▸ WORK ORDER
The answer is to be the lines below that lie between the line holding "8. По уровню" and the line holding "Gorgeous lamé jacquard", inclusive, transcribed exactly and free of pictures.

▸ RECORD SET

:::::

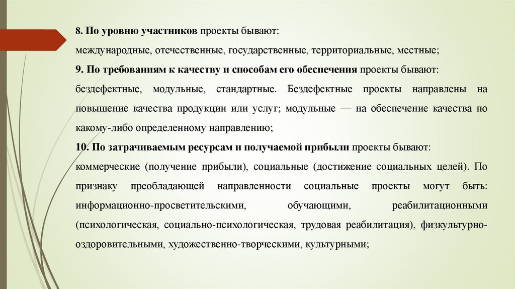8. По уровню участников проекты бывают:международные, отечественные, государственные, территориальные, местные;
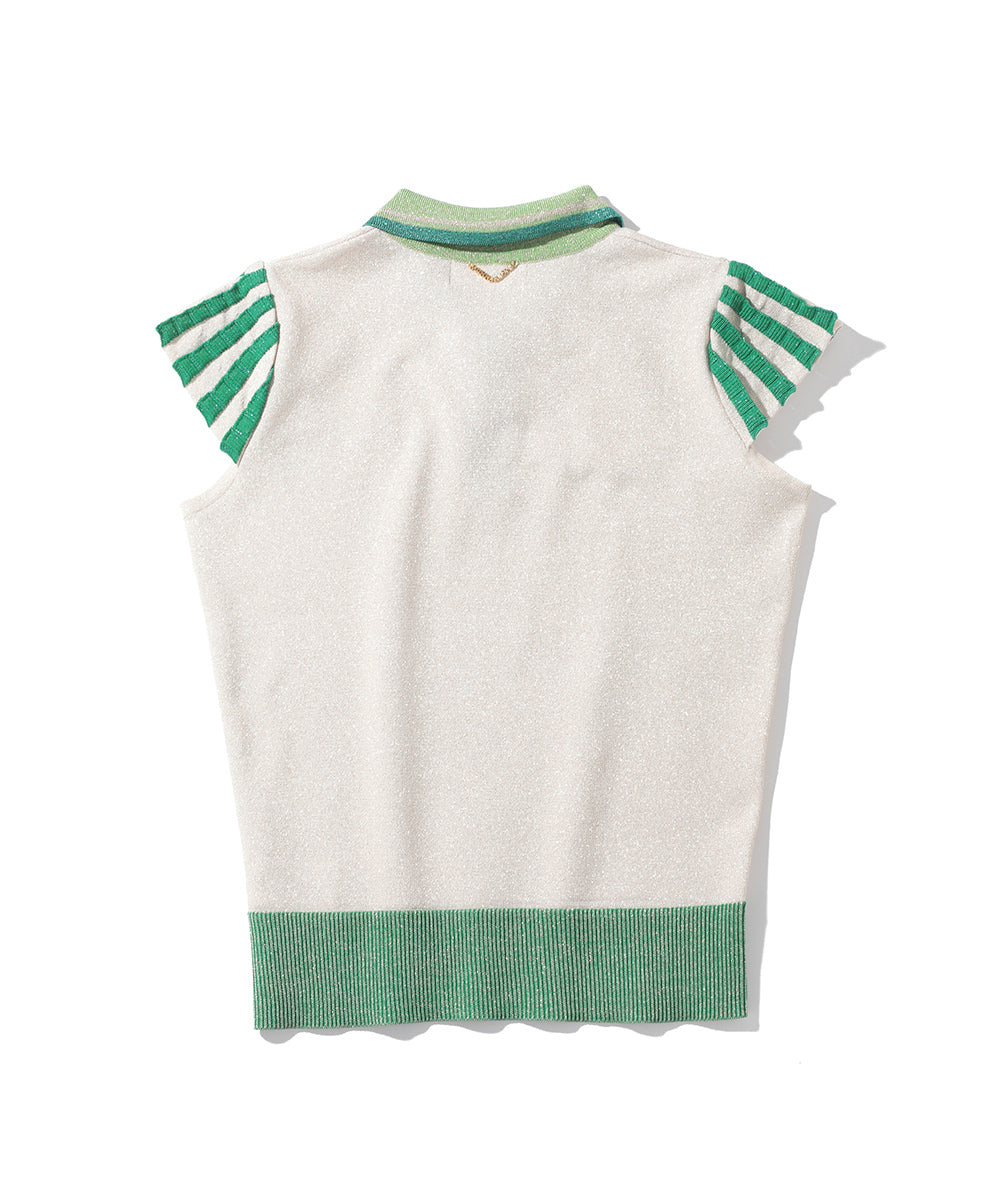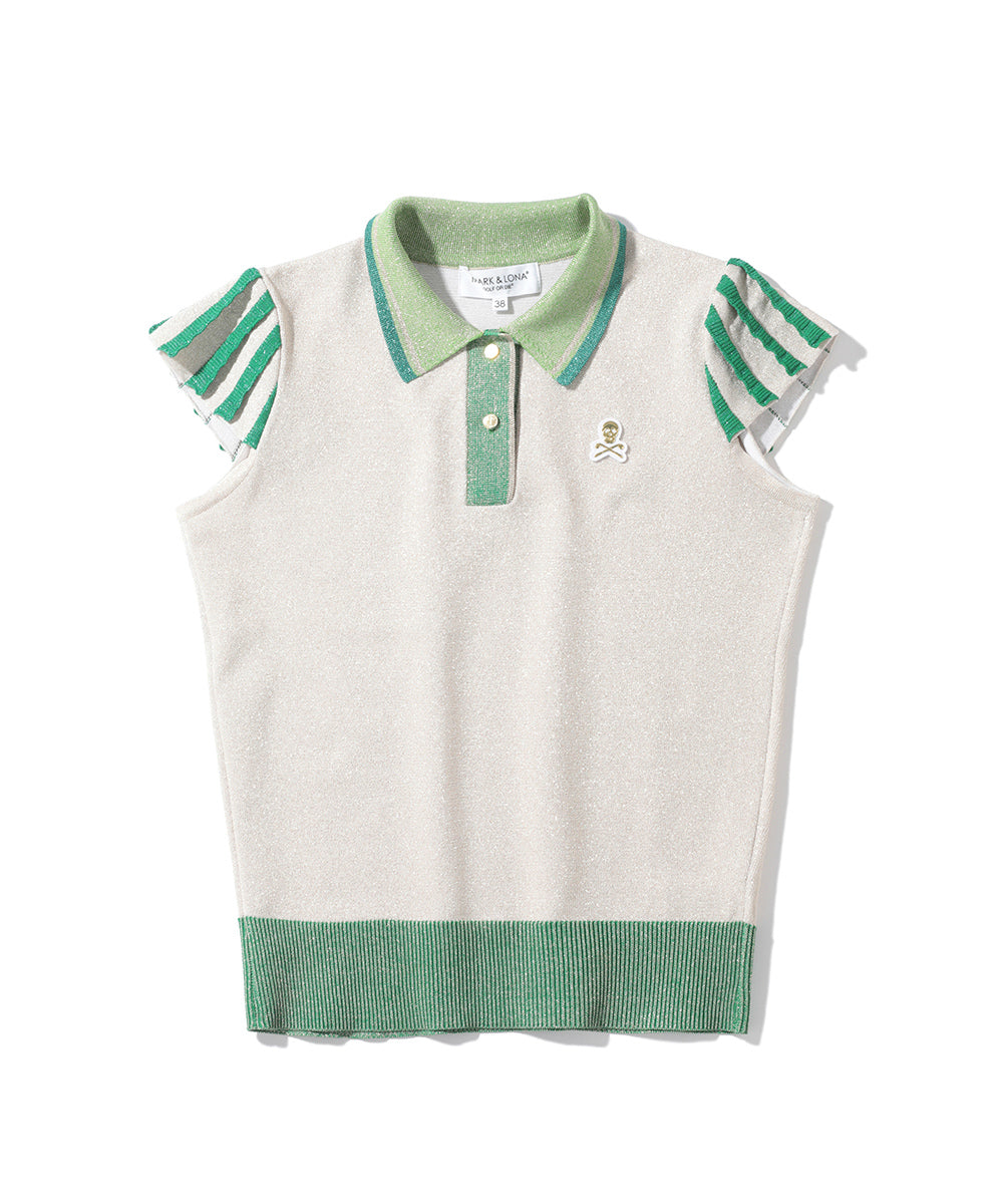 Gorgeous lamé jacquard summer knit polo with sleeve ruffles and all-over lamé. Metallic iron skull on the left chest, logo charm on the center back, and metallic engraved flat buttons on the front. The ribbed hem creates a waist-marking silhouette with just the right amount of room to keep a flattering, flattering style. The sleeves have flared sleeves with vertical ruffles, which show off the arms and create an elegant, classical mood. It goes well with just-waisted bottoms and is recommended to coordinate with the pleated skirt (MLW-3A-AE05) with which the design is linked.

:::::

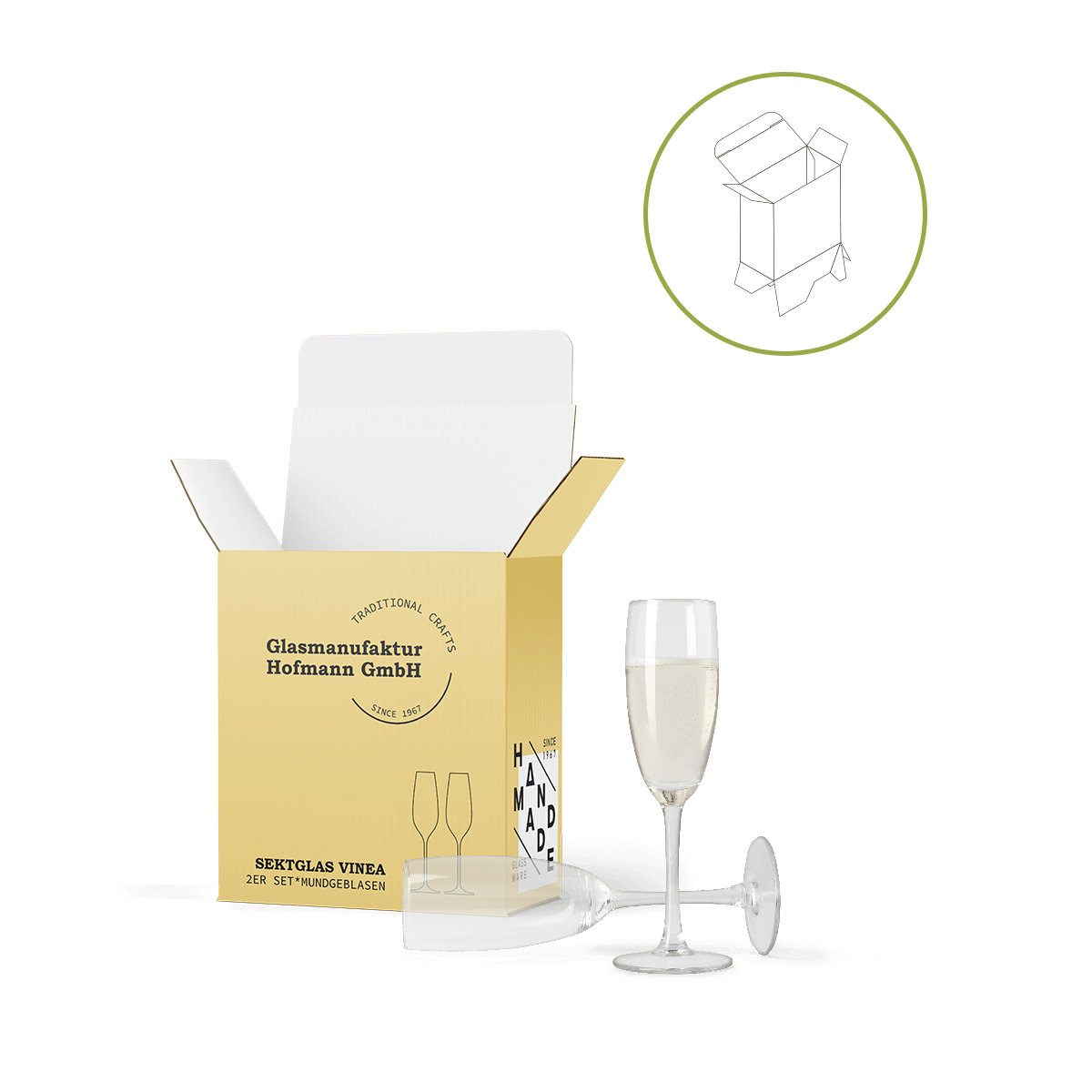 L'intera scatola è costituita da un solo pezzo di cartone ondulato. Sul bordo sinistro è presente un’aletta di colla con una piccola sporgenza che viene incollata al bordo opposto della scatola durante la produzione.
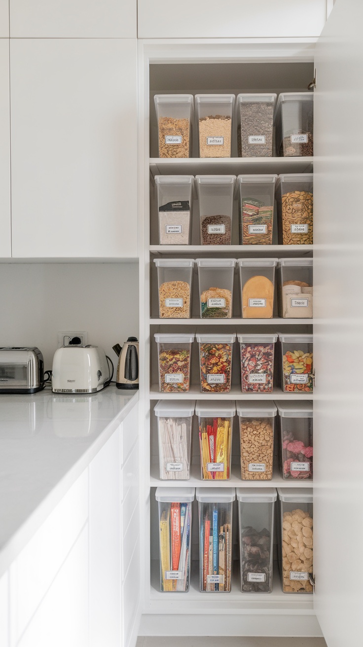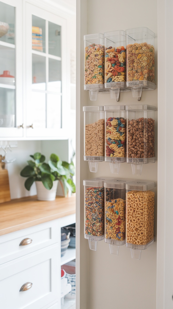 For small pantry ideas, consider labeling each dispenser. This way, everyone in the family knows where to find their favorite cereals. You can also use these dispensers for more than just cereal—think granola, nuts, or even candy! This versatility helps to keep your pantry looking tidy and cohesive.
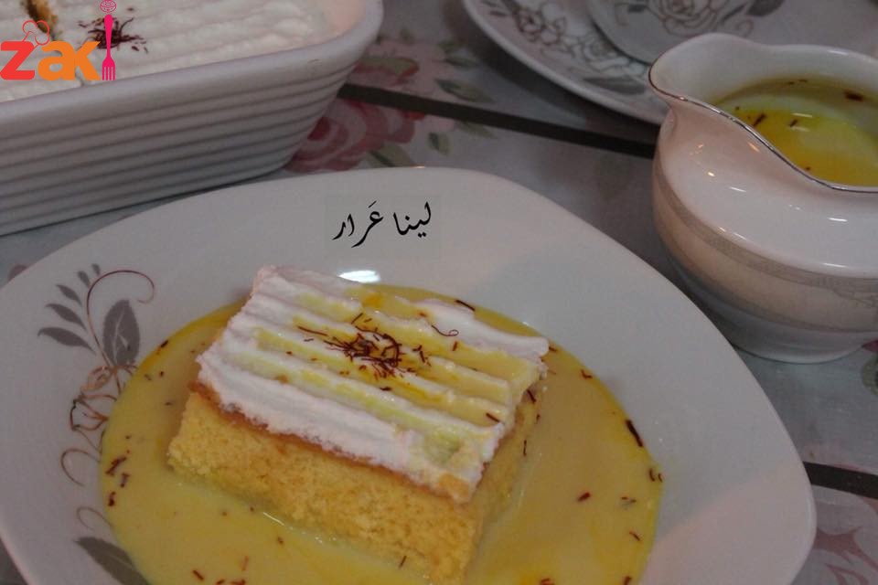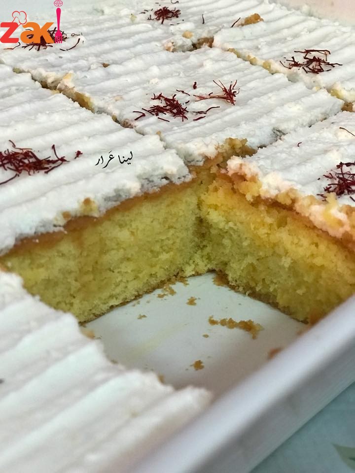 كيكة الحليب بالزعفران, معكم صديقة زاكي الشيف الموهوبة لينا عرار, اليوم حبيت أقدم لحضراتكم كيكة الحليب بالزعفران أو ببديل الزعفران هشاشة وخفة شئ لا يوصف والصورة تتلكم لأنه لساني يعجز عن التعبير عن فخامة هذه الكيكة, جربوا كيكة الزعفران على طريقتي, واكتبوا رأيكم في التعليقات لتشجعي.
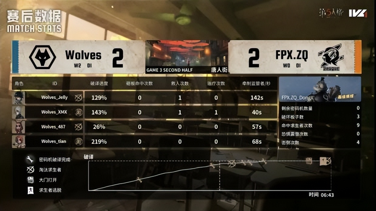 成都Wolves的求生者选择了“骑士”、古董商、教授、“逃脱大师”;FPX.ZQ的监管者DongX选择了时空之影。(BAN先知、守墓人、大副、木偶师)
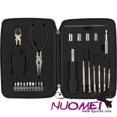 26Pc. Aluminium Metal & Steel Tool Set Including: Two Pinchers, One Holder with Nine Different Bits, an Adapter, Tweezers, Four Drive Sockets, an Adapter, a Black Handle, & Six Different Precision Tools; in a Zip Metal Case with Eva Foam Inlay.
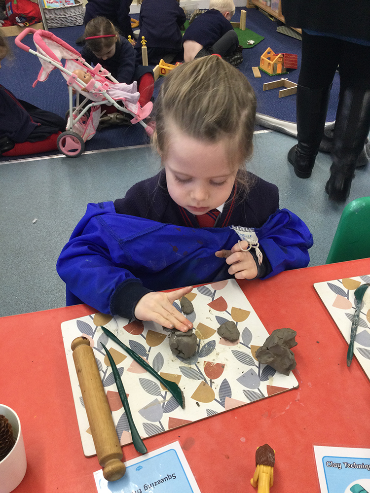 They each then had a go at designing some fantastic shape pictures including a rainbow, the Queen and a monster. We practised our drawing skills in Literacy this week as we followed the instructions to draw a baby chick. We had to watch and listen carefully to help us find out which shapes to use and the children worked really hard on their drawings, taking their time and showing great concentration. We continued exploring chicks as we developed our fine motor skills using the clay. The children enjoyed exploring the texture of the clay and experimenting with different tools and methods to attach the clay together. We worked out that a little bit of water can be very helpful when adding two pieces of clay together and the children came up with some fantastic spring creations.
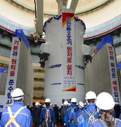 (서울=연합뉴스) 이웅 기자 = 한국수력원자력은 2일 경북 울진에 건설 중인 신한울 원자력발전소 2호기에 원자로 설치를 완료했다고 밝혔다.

:::::

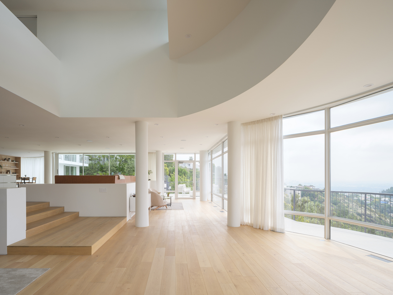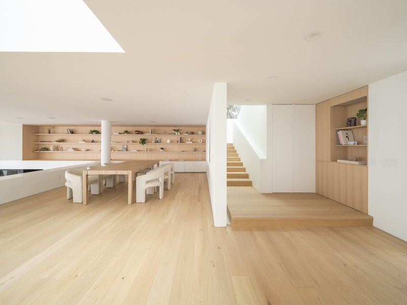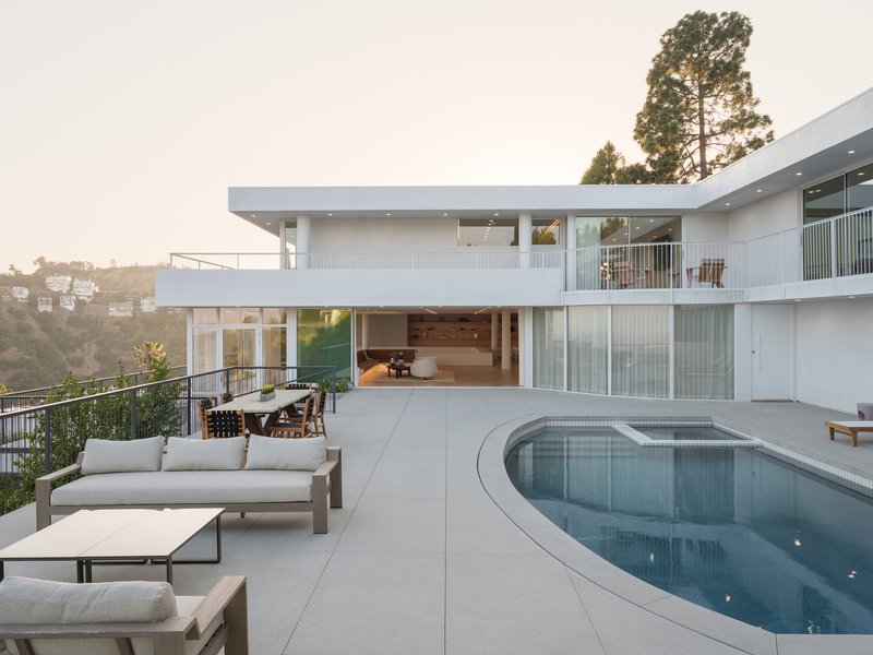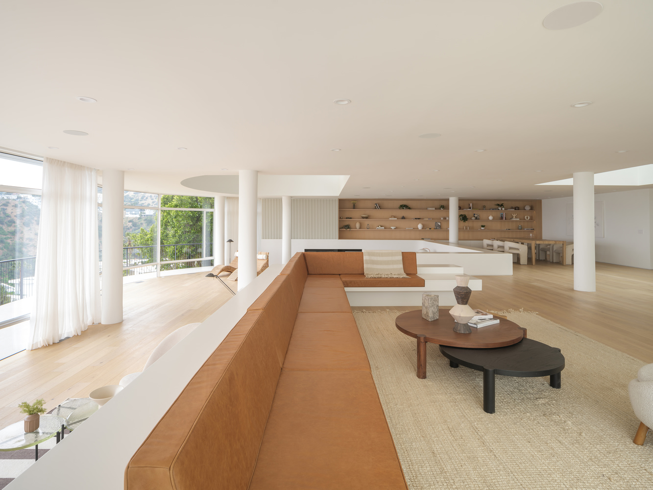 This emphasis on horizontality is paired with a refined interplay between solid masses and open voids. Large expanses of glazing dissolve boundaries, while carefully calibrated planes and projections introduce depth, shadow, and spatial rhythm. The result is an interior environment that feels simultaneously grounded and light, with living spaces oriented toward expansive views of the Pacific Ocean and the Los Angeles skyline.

:::::

▸ FINAL ANSWER
8. По уровню участников проекты бывают:международные, отечественные, государственные, территориальные, местные;
 Gorgeous lamé jacquard summer knit polo with sleeve ruffles and all-over lamé. Metallic iron skull on the left chest, logo charm on the center back, and metallic engraved flat buttons on the front. The ribbed hem creates a waist-marking silhouette with just the right amount of room to keep a flattering, flattering style. The sleeves have flared sleeves with vertical ruffles, which show off the arms and create an elegant, classical mood. It goes well with just-waisted bottoms and is recommended to coordinate with the pleated skirt (MLW-3A-AE05) with which the design is linked.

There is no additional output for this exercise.